Creating SQL view from Mordor APT29 dataset

Create Spark session

from pyspark.sql import SparkSession

spark = SparkSession \
    .builder \
    .appName("Spark_Data_Analysis") \
    .config("spark.sql.caseSensitive","True") \
    .getOrCreate()

Expose the dataframe as a SQL view

apt29Json = '../datasets/apt29_evals_day1_manual_2020-05-01225525.json'

apt29Df = spark.read.json(apt29Json)

apt29Df.createOrReplaceTempView('apt29')

Transforming data with Spark Built-In functions

Convert ProcessId (String) to Integer format

IntegerProcessId = spark.sql(
'''
SELECT ProcessId, cast(ProcessId as Integer) as IntegerProcessId
FROM apt29
WHERE lower(Channel) LIKE '%sysmon%'
    AND EventID = 1
''')

print('This dataframe has {} records!!'.format(IntegerProcessId.count()))
IntegerProcessId.printSchema()
IntegerProcessId.show(n = 5, truncate = False)
This dataframe has 447 records!!
root
 |-- ProcessId: string (nullable = true)
 |-- IntegerProcessId: integer (nullable = true)

+---------+----------------+
|ProcessId|IntegerProcessId|
+---------+----------------+
|8524     |8524            |
|5156     |5156            |
|2772     |2772            |
|5944     |5944            |
|4152     |4152            |
+---------+----------------+
only showing top 5 rows

Convert ProcessId (Integer) to Hexadecimal format

HexadecimalProcessId = spark.sql(
'''
SELECT ProcessId, hex(cast(ProcessId as Integer)) as HexadecimalProcessId
FROM apt29
WHERE lower(Channel) LIKE '%sysmon%'
    AND EventID = 1
''')

print('This dataframe has {} records!!'.format(HexadecimalProcessId.count()))
HexadecimalProcessId.printSchema()
HexadecimalProcessId.show(n = 5, truncate = False)
This dataframe has 447 records!!
root
 |-- ProcessId: string (nullable = true)
 |-- HexadecimalProcessId: string (nullable = true)

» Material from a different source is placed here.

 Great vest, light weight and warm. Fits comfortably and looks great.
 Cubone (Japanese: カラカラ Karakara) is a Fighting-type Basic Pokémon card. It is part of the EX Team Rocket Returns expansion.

+---------+--------------------+
|ProcessId|HexadecimalProcessId|
+---------+--------------------+
|8524     |214C                |
|5156     |1424                |
|2772     |AD4                 |
|5944     |1738                |
|4152     |1038                |
+---------+--------------------+
only showing top 5 rows

Transforming data with Spark User Defined Functions (UDF)

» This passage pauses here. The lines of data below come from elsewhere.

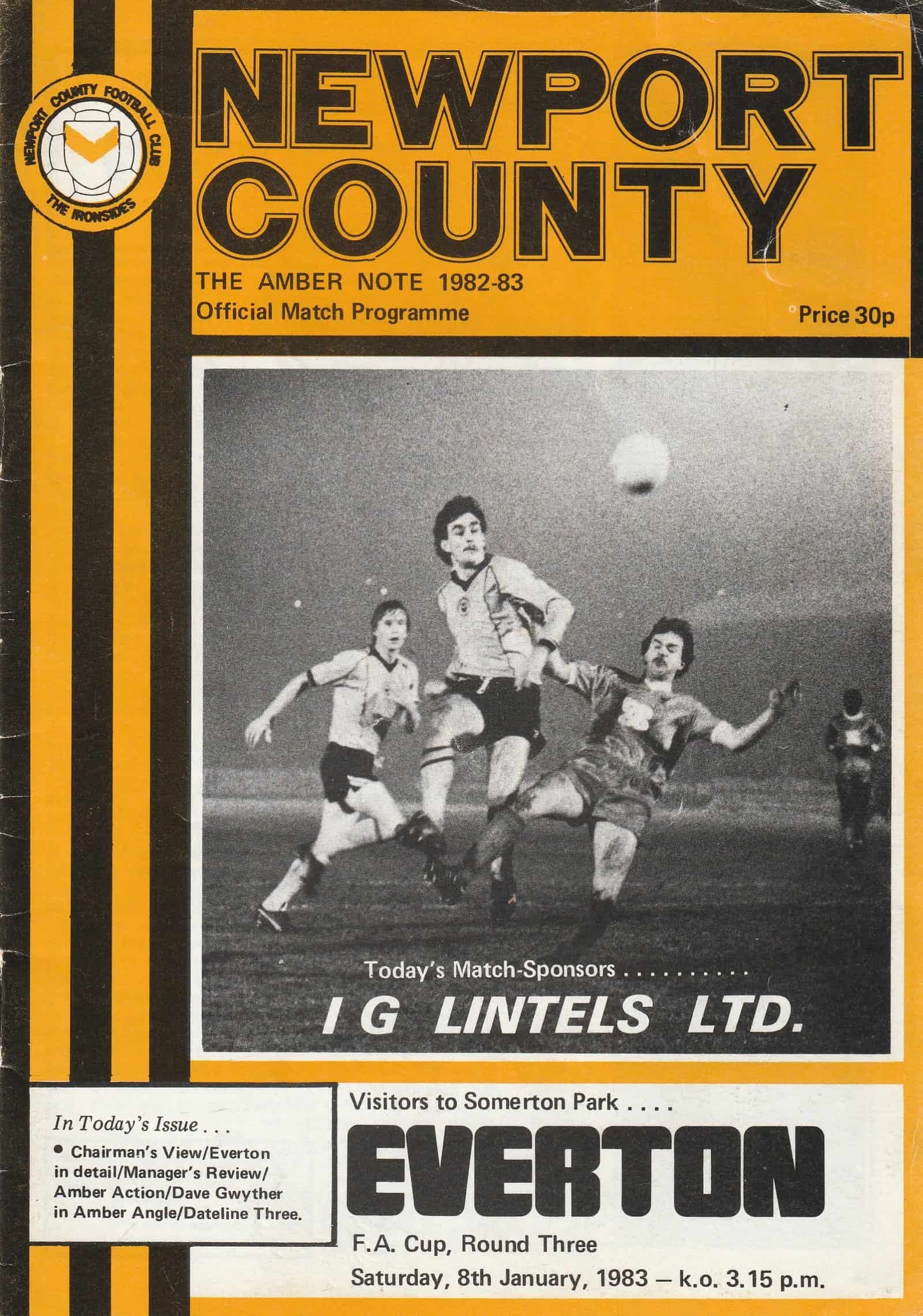 Match: Newport County v Everton Competition: FA Cup 3rd Round Date: 08-Jan-1983 Comments: Rating: 3 Condition: Light handling wear on cover Weight in grams: 100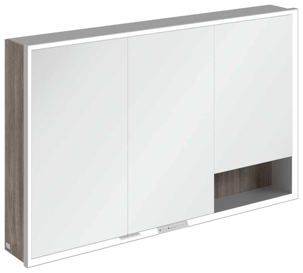 V&B Spiegelschrank My View + 120 x 75 x 16,8 cm, Stone Oak, LED-Beleuchtung, Aluminium silber matt eloxiert
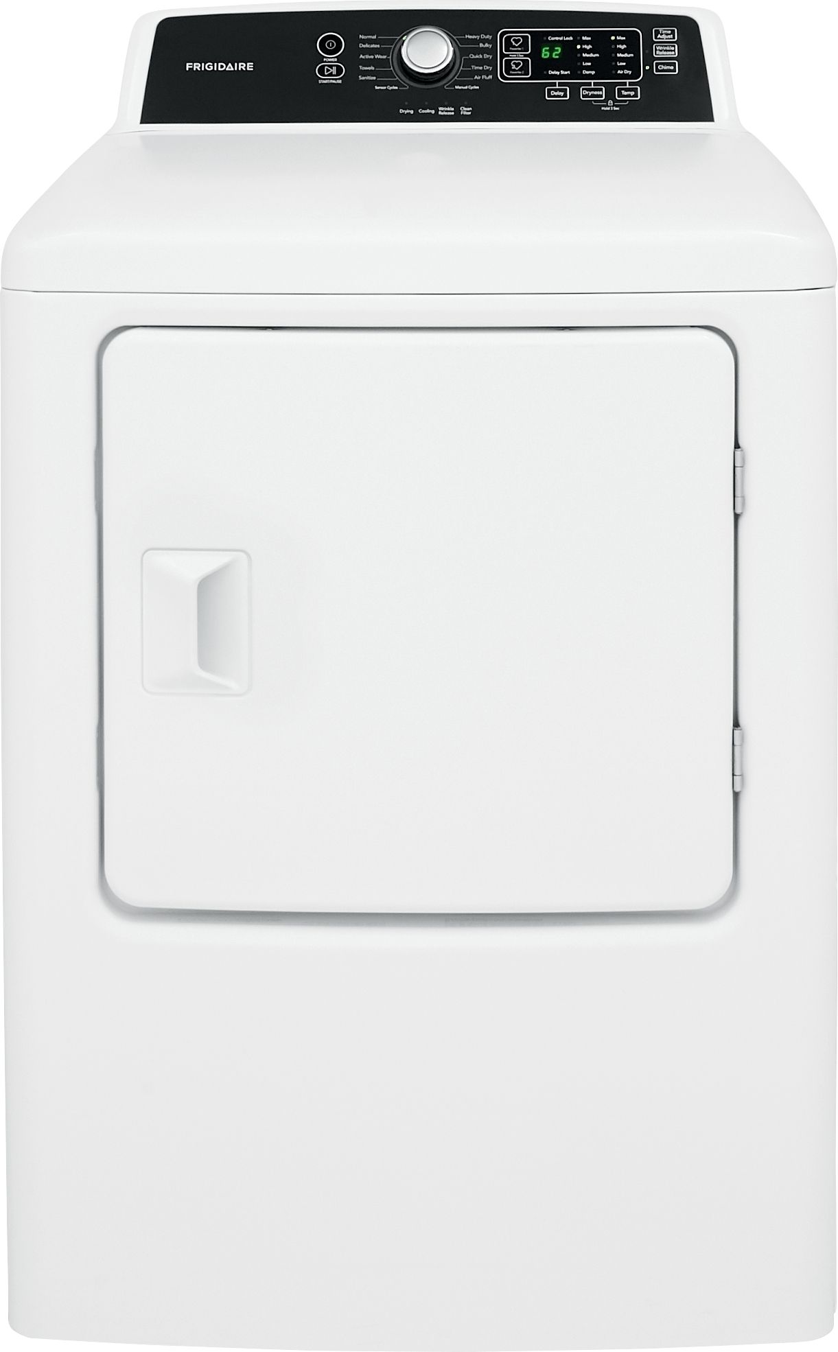 The Frigidaire 6.7 Cu. Ft. Large Capacity Free Standing Electric Dryer allows you to fit more in every load. Dry clothes fast and save time with the Quick Dry Cycle. Meet all of your drying needs with 10 convenient dry cycles such as Bulky, Active Wear and Sanitize. Also enjoy less ironing with the Anti-Wrinkle function that helps reduce wrinkles.Read More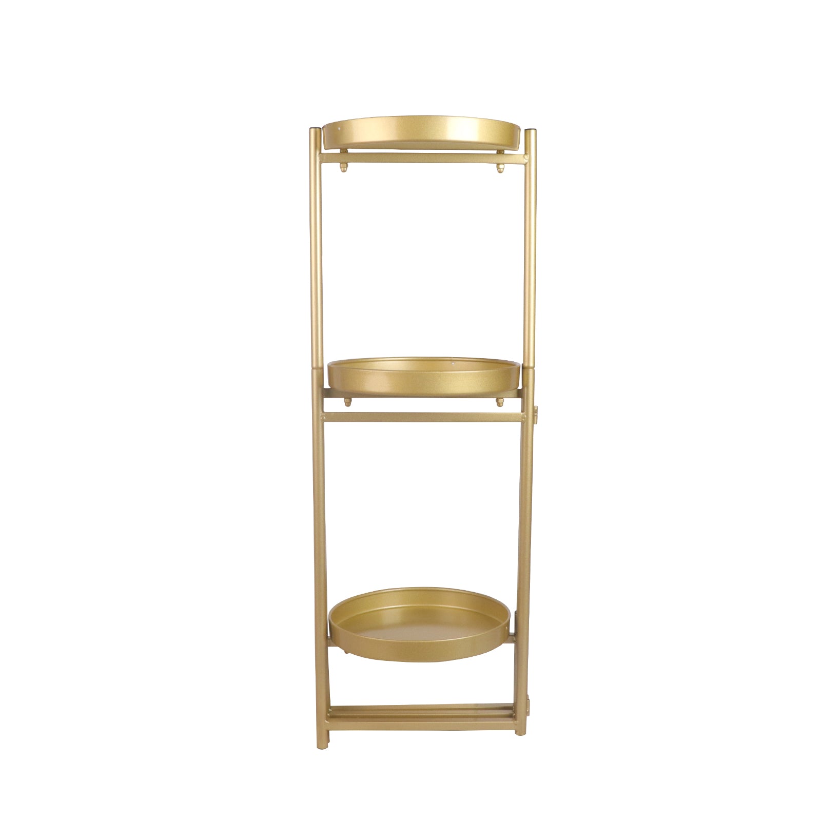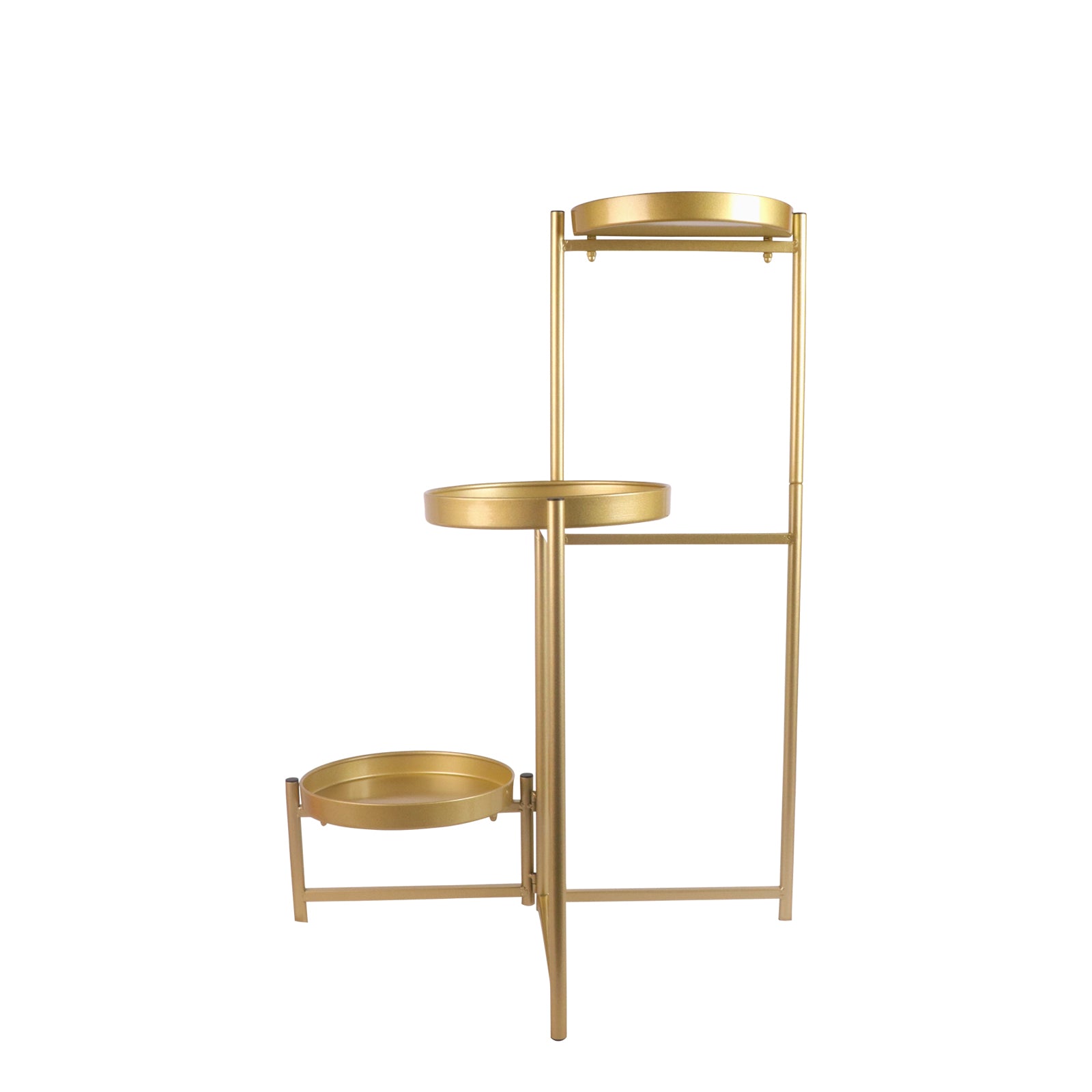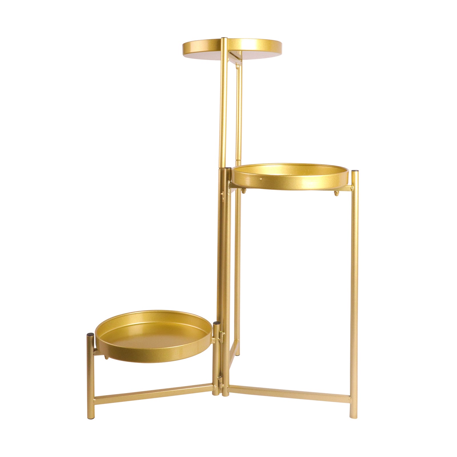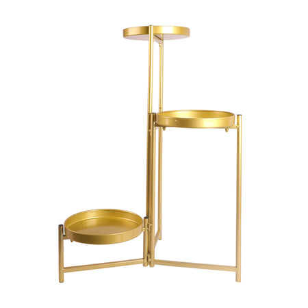 3-Tier Foldable Gold Metal Plant Stand, Modern 2-in-1 Plant Shelf

Calculate the number of characters of Commad Line values in Sysmon 1 (Process Creation) events

  • Define function

def LenCommand(value):
    Length = len(value)
    return Length
  • Import pyspark.sql.types

from pyspark.sql.types import *
  • Register UDF

spark.udf.register("LengthCommand", LenCommand, IntegerType())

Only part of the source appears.